**Work required**
Start at the line with "Désodorisant de voiture" and print every line through the end of the material below. Keep it exact and free of pictures.

**Data excerpt**
##########

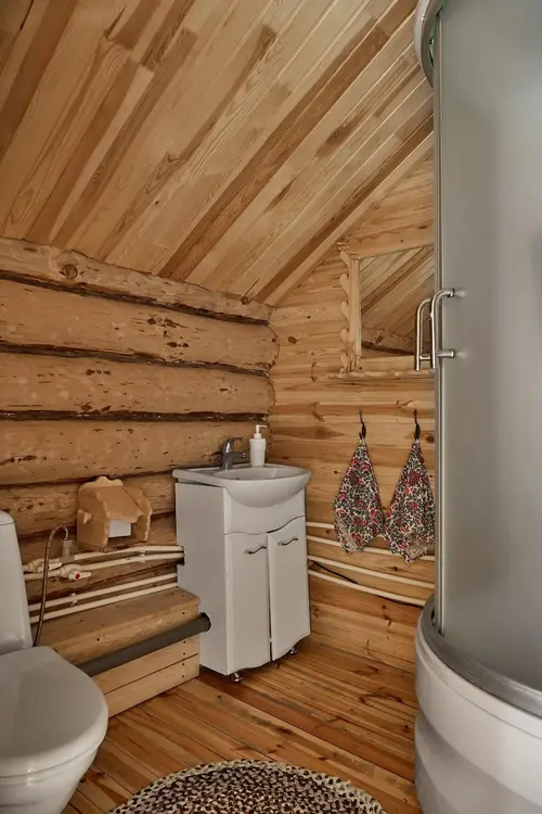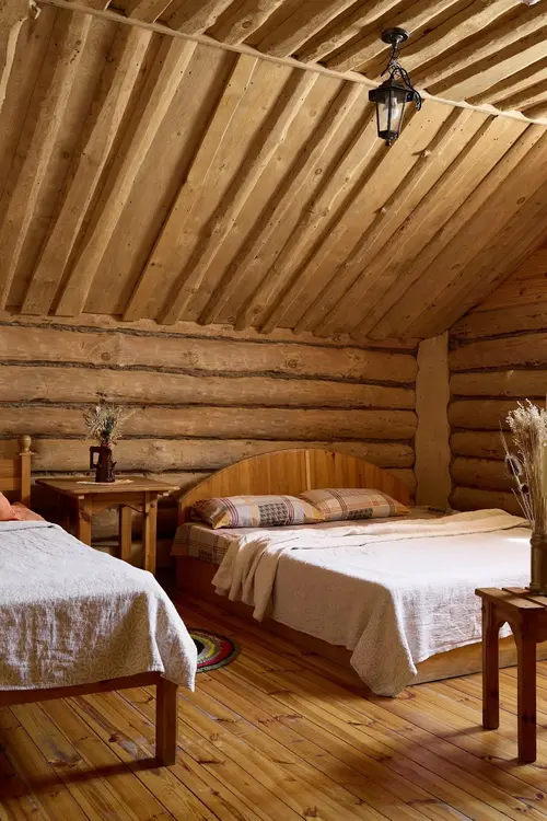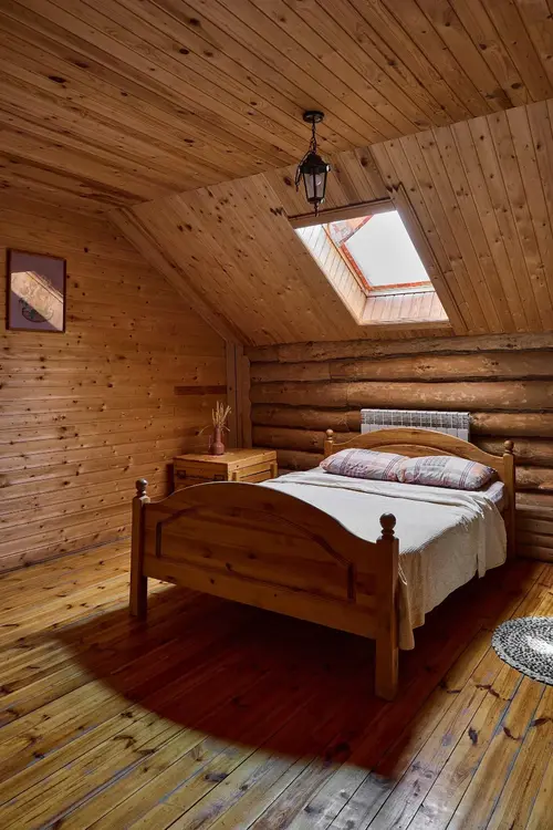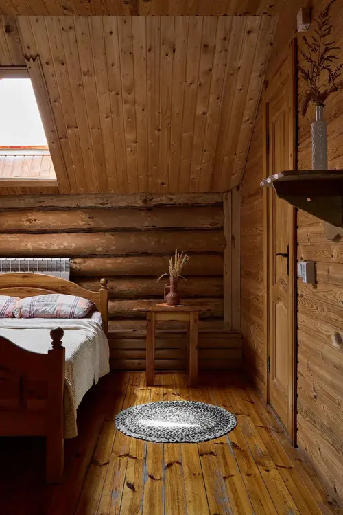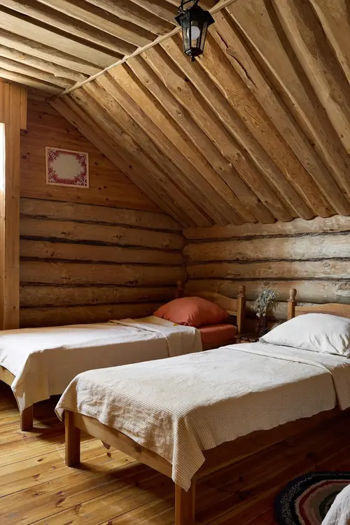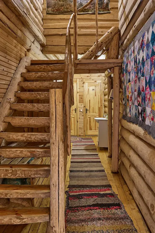 Второй этаж — шесть номеров, в каждой свой санитарный узел (унитаз, умывальник, душевая кабинка). Комнаты оснащены мебелью из дерева.
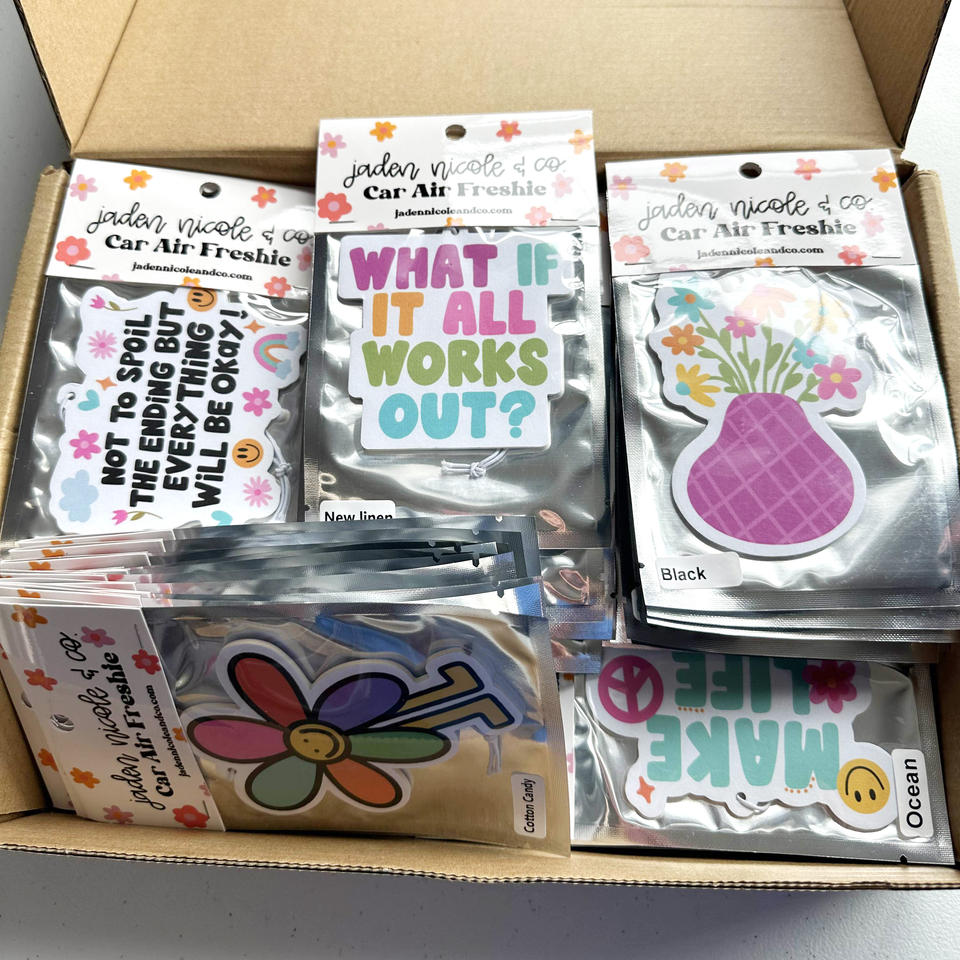 Désodorisant de voiture personnalisé, liquide, en papier imprimé par un designer.
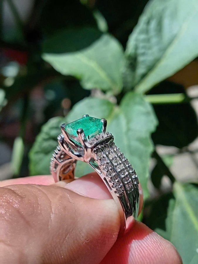 Nhẫn ngoại nữ vàng trắng 10k full kim cương tự nhiên 1ly2 chủ ngọc lục bảo tl 1chi51 size 19 giá trên

##########

**Result**
 Désodorisant de voiture personnalisé, liquide, en papier imprimé par un designer.
 Nhẫn ngoại nữ vàng trắng 10k full kim cương tự nhiên 1ly2 chủ ngọc lục bảo tl 1chi51 size 19 giá trên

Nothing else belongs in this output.